- WORK ORDER: After locating the line with "Les silhouettes de" in the entries below, output it and each following line up to and including the line with "- Besonderheit: Querteile", exactly and without pictures.

*** SUPPLIED RECORDS

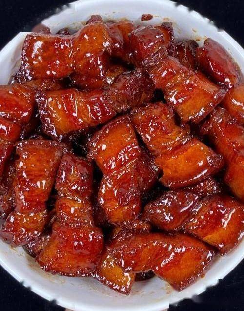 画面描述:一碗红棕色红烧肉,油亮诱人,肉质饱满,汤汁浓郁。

******
*** SUPPLIED RECORDS

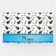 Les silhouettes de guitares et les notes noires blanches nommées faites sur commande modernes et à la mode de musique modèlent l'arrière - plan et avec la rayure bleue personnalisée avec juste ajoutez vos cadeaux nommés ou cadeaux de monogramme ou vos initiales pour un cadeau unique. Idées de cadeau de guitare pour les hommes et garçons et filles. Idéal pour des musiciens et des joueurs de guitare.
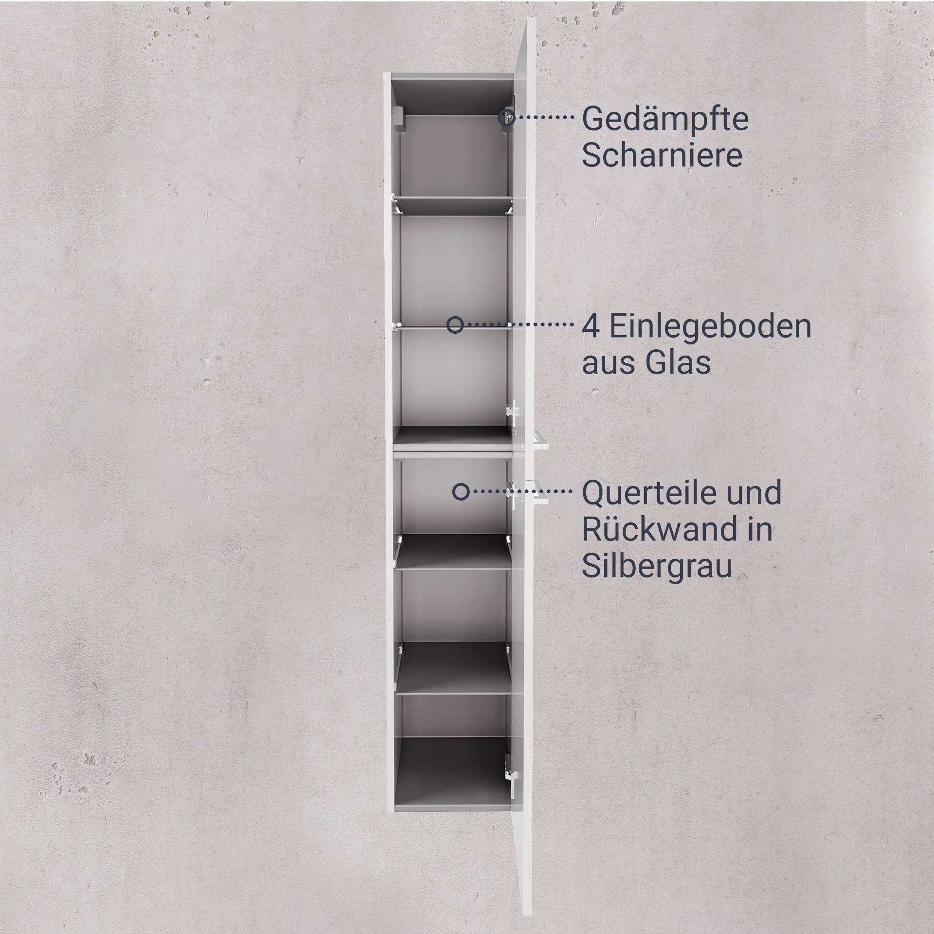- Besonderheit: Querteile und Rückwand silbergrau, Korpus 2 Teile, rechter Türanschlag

******
*** SUPPLIED RECORDS

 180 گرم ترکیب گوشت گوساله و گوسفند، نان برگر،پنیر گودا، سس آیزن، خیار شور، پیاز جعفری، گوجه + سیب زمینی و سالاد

******

- SOLUTION BELOW:
 Les silhouettes de guitares et les notes noires blanches nommées faites sur commande modernes et à la mode de musique modèlent l'arrière - plan et avec la rayure bleue personnalisée avec juste ajoutez vos cadeaux nommés ou cadeaux de monogramme ou vos initiales pour un cadeau unique. Idées de cadeau de guitare pour les hommes et garçons et filles. Idéal pour des musiciens et des joueurs de guitare.
- Besonderheit: Querteile und Rückwand silbergrau, Korpus 2 Teile, rechter Türanschlag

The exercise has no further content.